Issue 49 |
Fall 1989

Contributors' Notes

by Staff

MASTHEAD

Coordinating Editor for This Issue

James Carroll

Directors

DeWitt Henry

Peter O'Malley

Managing Editor / Associate Fiction Editor

Don Lee

Assistant Editor

David Daniel

Editorial Assistant

Elizabeth Detwiler

Copy Editor

Mariette Lippo

Thanks this issue to:

Kathleen Anderson and Bob Soorian; our intern Ivan Kreilkamp; and our readers Billie Ingram, Mariette Lippo, Elizabeth Detwiler, Jim Mulhern, Keith Jardim, Sarah Dillingham, Kathy Herold, and Nina Nickles.

CONTRIBUTORS

Tony Ardizzone's recent books include
Heart of the Order, which received the Virginia Prize for Fiction, and
The Evening News, winner of the Flannery O'Connor Award for Short Fiction. His story "Larabi's Ox" was given
Prairie Schooner's 1988 Lawrence Foundation-Award. He teaches in the graduate writing program at Indiana University.

Rick Bass's stories and essays have appeared in
The Paris Review, Esquire, Harper's, Antaeus, The Quarterly, Gentleman's Quarterly, and other magazines, and have been widely anthologized. A short story collection.
The Watch, was published by W. W. Norton this year, and a collection of essays,
Oil Notes, was published by Seymour Lawrence/Houghton Mifflin. Another essay collection,
Winter, is forthcoming in January.

Paul Buttenwieser writes fiction and practices psychiatry in Cambridge, Massachusetts. His most recent novel,
Their Pride and Joy, appeared in paperback last year.

Annie Dillard has written eight books, including
The Writing Life, published this month.

Jennifer Egan's short fiction has appeared in
The North American Review and
The New Yorker, and will be forthcoming in
Boulevard.

Jeffrey Goodell is a writer living in New York City.

Judith Grossman is the author of a novel,
Her Own Terms (Soho Press, 1988), and teaches literature and writing in the Boston area.

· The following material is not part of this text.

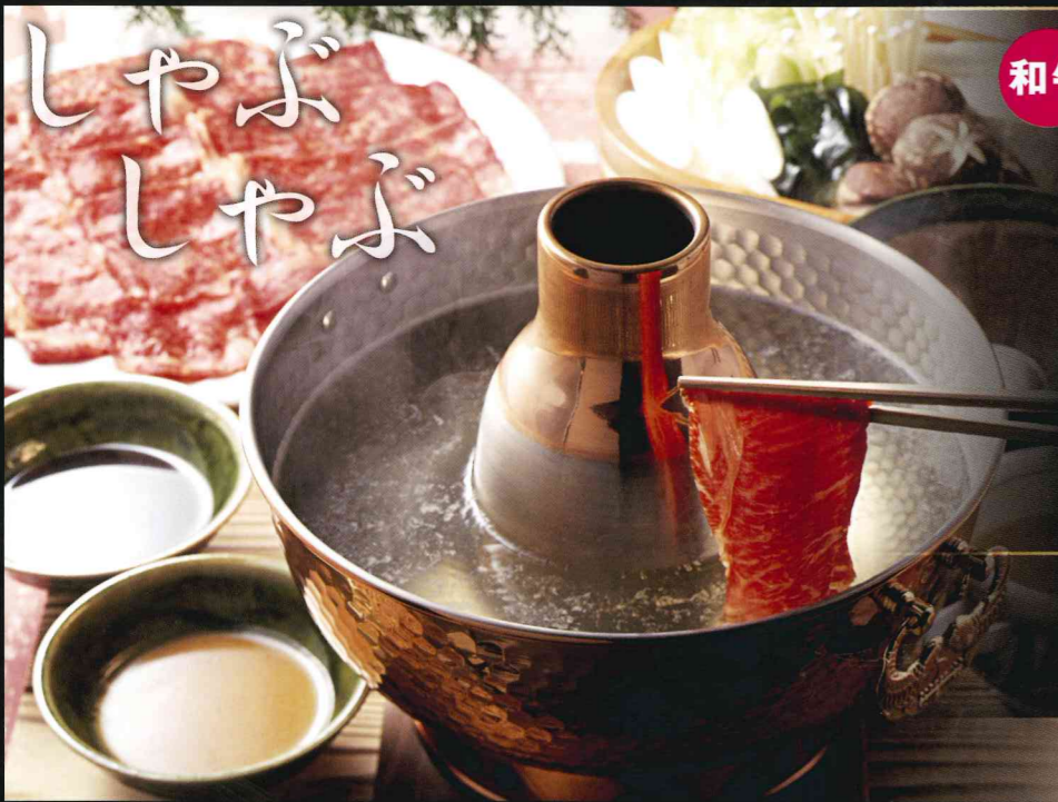
※仕入れ状況により内容が変更になる場合がございます。写真はイメージです

1年の締めくくりとして、その年を振り返り労をねぎらう「忘年会」と、新しい年を迎え年の始まりを祝う「新年会」。どちらもホテルサンプラザが皆様の大切な節目を演出いたします。一流シェフが腕を振るうホテル自慢の彩り豊かな料理を、洗練された宴会場でゆっくりとお楽しみください。

Alice Hoffman is the author of seven novels, including
At Risk and
Illumination Night. "Sleep Tight" is a selection from her forthcoming novel,
Seventh Heaven.

Ward Just was born in 1935. He is the author of two collections of short stories and eight novels, of which the latest is
Jack Gance.

Robie Macauley is a critic and fiction writer who lives in Boston.

Cynthia Nartonis's work has been widely collected and exhibited, most recently at the Mary Ryan Gallery in New York City. She has been developing her unique process of making screen monoprints over the last six years.

Barbara Nodine, who lives in Madison, Wisconsin, has published short stories in
Ascent, Kansas Quarterly, and
Carolina Quarterly.

George Packer's
The Village of Waiting, an account of his years in the Peace Corps in West Africa, was published last year by Vintage Departures/Random House. His fiction, essays, and reviews have appeared in
The Virginia Quarterly, The New York Times Book Review, The Village Voice, Mother Jones, The Nation, and
Dissent.

Pamela Painter's story collection,
Getting to Know the Weather, won the Great Lakes College Association New Writer Award in 1986. Since then her stories have been published in
Harper's, Mademoiselle, and other magazines, and are forthcoming in
The Atlantic and
Kenyon Review. She is a founding editor of
StoryQuarterly.

Christopher Tilghman's stories have appeared recently in
The Virginia Quarterly Review and
Sewanee Review. He was selected by Andre Dubus as a "Fiction Discovery" in
Ploughshares, Vol. 14, Nos. 2 & 3. "In a Father's Place" is the title story of his first collection due out in May 1990 from Farrar, Straus & Giroux.

Theodore Weesner is the author of
The Car Thief, A German Affair, and
The True Detective. His short fiction has been published in
The New Yorker, Esquire, The Atlantic Monthly, and many other periodicals.